▶ _WORK ORDER_
Since the listing below shows pictures, leave them out and write out exactly the lines from the line with "Strapless Hi-Low Dress: Flounce" to the line with "This is a shooter", both included, and no others.

▶ _INFORMATION SHOWN_
+===+
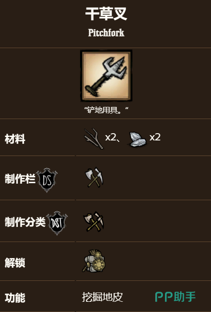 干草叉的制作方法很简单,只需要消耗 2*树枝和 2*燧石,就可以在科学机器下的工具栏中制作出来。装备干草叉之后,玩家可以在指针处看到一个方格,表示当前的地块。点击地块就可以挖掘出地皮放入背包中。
+===+
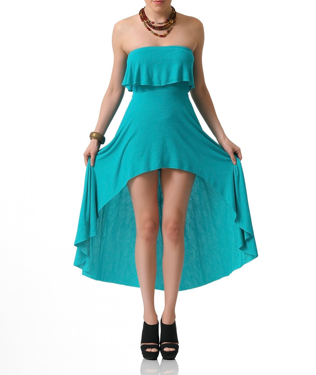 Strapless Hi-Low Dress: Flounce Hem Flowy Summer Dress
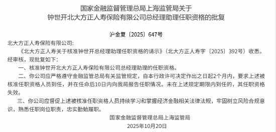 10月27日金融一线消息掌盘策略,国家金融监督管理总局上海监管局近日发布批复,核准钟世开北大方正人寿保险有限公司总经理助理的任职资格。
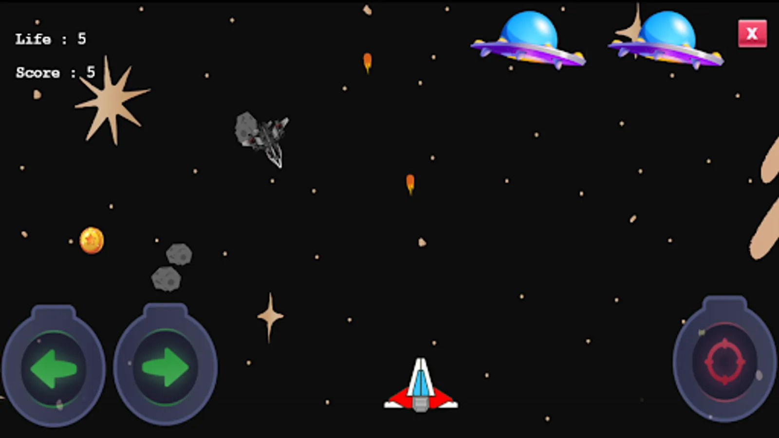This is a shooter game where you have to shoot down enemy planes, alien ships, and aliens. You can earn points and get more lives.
+===+
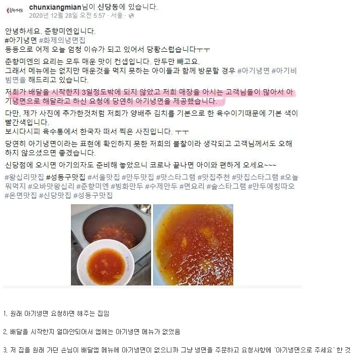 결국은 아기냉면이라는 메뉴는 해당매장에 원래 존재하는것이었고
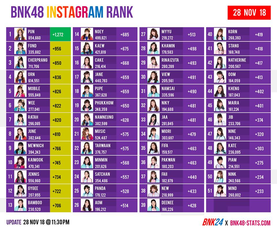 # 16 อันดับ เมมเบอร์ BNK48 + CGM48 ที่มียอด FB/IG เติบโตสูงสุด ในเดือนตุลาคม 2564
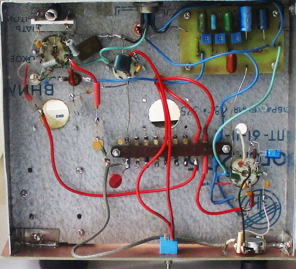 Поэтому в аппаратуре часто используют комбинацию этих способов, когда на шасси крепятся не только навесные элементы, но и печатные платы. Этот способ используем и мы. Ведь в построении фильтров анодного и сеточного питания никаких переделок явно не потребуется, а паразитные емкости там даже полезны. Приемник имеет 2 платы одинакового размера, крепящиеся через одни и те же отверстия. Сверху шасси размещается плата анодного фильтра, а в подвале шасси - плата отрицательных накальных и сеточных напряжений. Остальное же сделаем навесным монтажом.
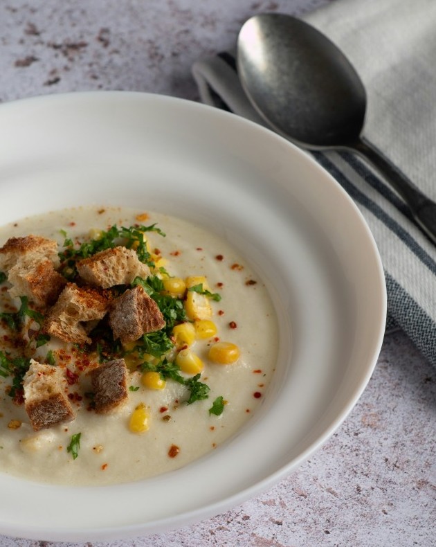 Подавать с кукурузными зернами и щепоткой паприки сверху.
+===+
▶ _EXPECTED OUTPUT_
 Strapless Hi-Low Dress: Flounce Hem Flowy Summer Dress
 10月27日金融一线消息掌盘策略,国家金融监督管理总局上海监管局近日发布批复,核准钟世开北大方正人寿保险有限公司总经理助理的任职资格。
This is a shooter game where you have to shoot down enemy planes, alien ships, and aliens. You can earn points and get more lives.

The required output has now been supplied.